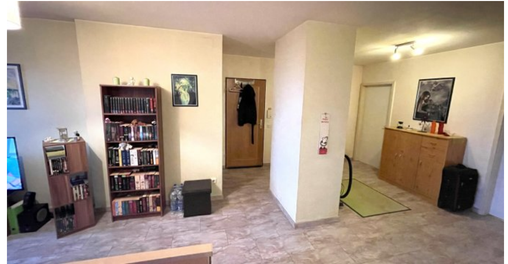
Wohnung HSN 43 DG (3)
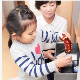
おかたづけの基本
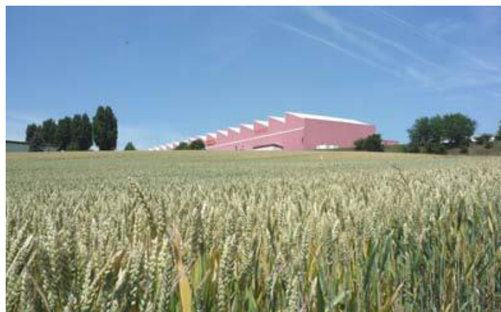
L'îlot « Crocodile COOP » (F&K/mrs/Topos)

Liens : http://www.vd.ch/themes/economie/developpement-economique/economie-regionale/projets-cofinances/
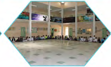
مدرسة عبد الملك بن مروان
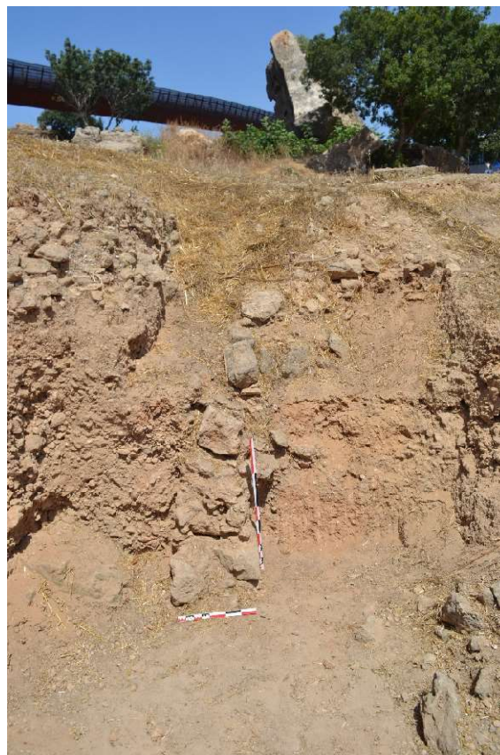
Fig. 23. Le mur sectionné dans la berme Ouest : Il retient un remblai au Sud (à gauche) et un remblai a été accumulé contre lui au Nord (à droite) pour établir une rue.
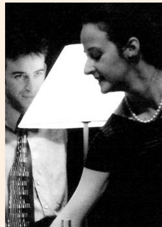
El amante, de Harold Pinter.
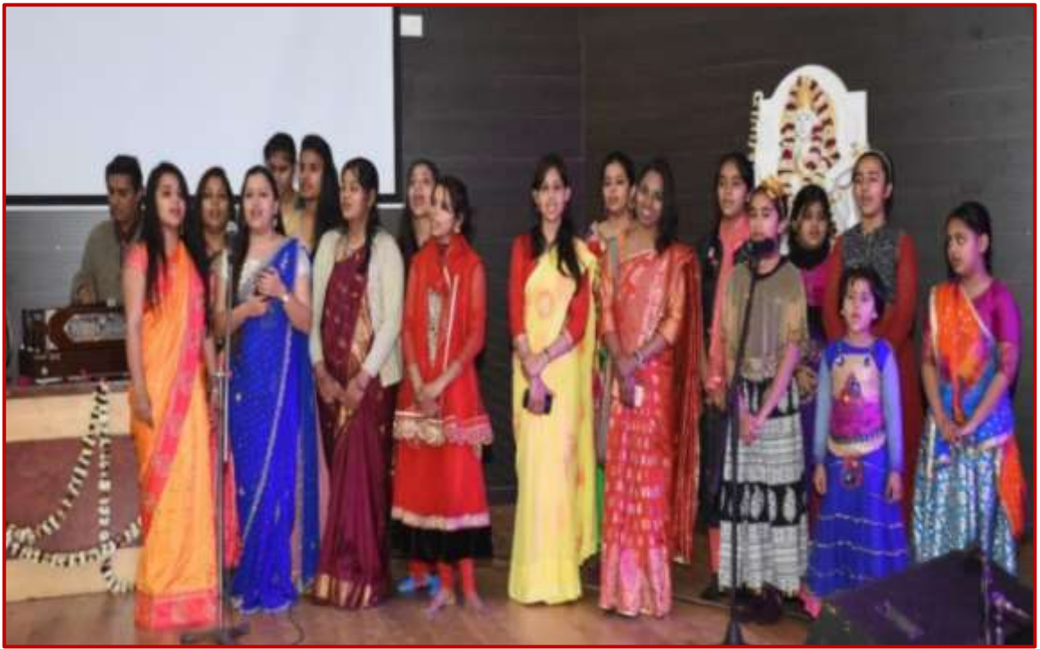
Students showcasing their outstanding talents through music, dance and drama performances at University Cultural Program
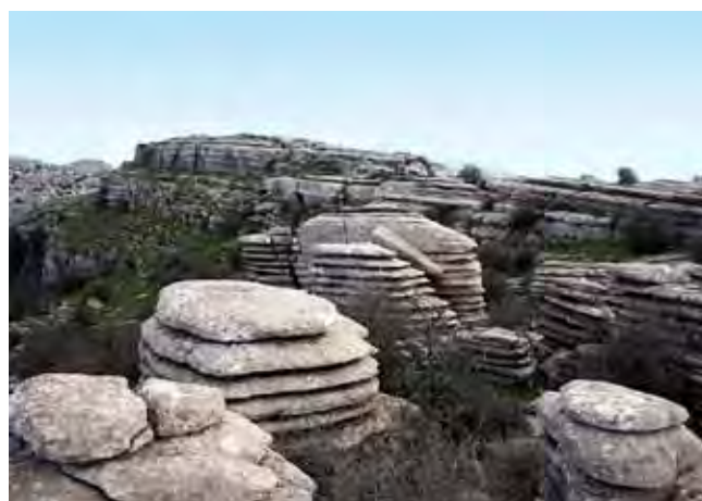
Fig. 13. Skały znane jako stopy talerzy lub monet, fot. M.W. Lorenc • Rocks known as piles of plates or coins, phot. M.W. Lorenc

Obecnie Park Naturalny Torcal de Antequera znajduje się w fazie rozwoju turystycznego. W przyszłości przewidziana jest budowa hotelu na terenie samego parku. Rozbudowano już nawet infrastrukturę zapewniającą wygodny dojazd do strefy wejściowej, przy której utworzono parking oraz centrum turystyczne.
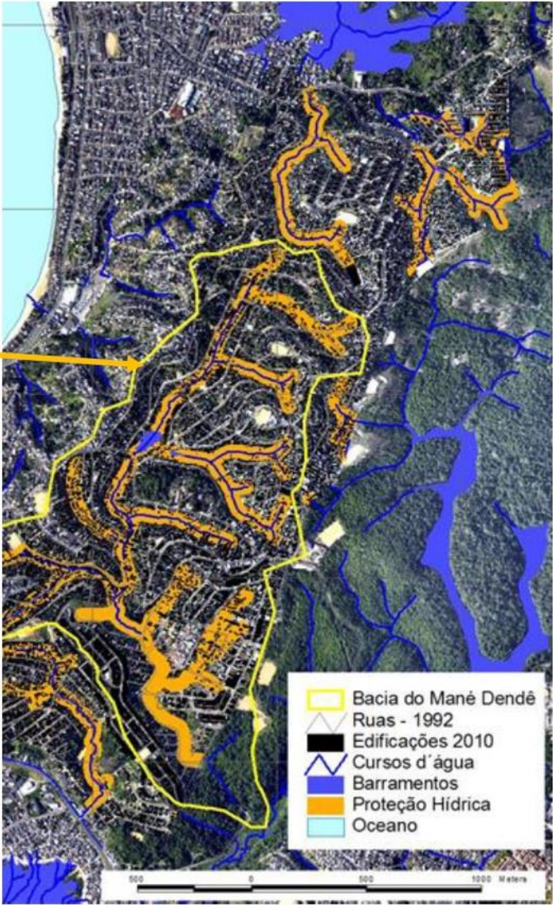
FIG. 3: Cuenca del río Mané Dendé
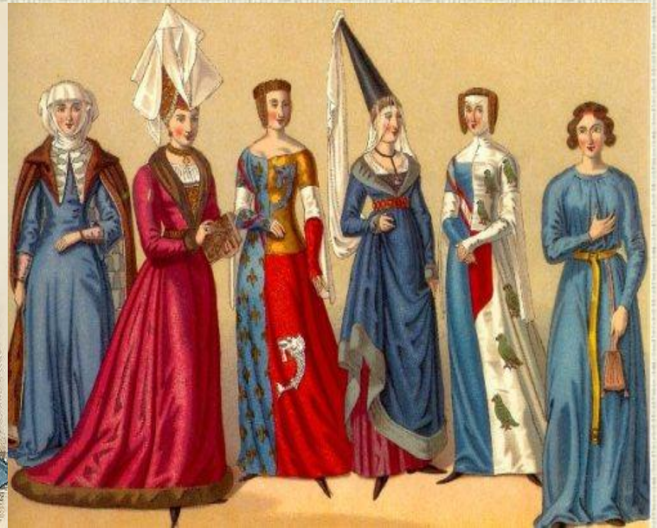
Charles VI 1580 to 1595
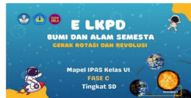
Gambar 1 cover

dan penilaian yang relevan. Rencana pengembangan produk untuk mengatasi masalah yang ada di SD yaitu pengembangan produk e-LKPD berbasis model PBL yang bertujuan meluaskan pemahaman berpikir kognitif peserta didik sekolah dasar.
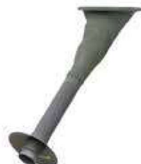
Goulotte extérieure avec trappe guillotine Ø 200 et collerette anti-pluie Réf : SGE200
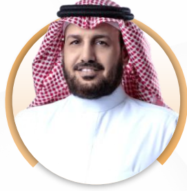
د. عايض بن فرحان القحطاني الرئيس

* What to do *
Type the records out again in full, exactly, with each picture omitted.

* Written answer *
Wohnung HSN 43 DG (3)
おかたづけの基本
L'îlot « Crocodile COOP » (F&K/mrs/Topos)

Liens : http://www.vd.ch/themes/economie/developpement-economique/economie-regionale/projets-cofinances/
مدرسة عبد الملك بن مروان
Fig. 23. Le mur sectionné dans la berme Ouest : Il retient un remblai au Sud (à gauche) et un remblai a été accumulé contre lui au Nord (à droite) pour établir une rue.
El amante, de Harold Pinter.
Students showcasing their outstanding talents through music, dance and drama performances at University Cultural Program
Fig. 13. Skały znane jako stopy talerzy lub monet, fot. M.W. Lorenc • Rocks known as piles of plates or coins, phot. M.W. Lorenc

Obecnie Park Naturalny Torcal de Antequera znajduje się w fazie rozwoju turystycznego. W przyszłości przewidziana jest budowa hotelu na terenie samego parku. Rozbudowano już nawet infrastrukturę zapewniającą wygodny dojazd do strefy wejściowej, przy której utworzono parking oraz centrum turystyczne.
FIG. 3: Cuenca del río Mané Dendé
Charles VI 1580 to 1595
Gambar 1 cover

dan penilaian yang relevan. Rencana pengembangan produk untuk mengatasi masalah yang ada di SD yaitu pengembangan produk e-LKPD berbasis model PBL yang bertujuan meluaskan pemahaman berpikir kognitif peserta didik sekolah dasar.
Goulotte extérieure avec trappe guillotine Ø 200 et collerette anti-pluie Réf : SGE200
د. عايض بن فرحان القحطاني الرئيس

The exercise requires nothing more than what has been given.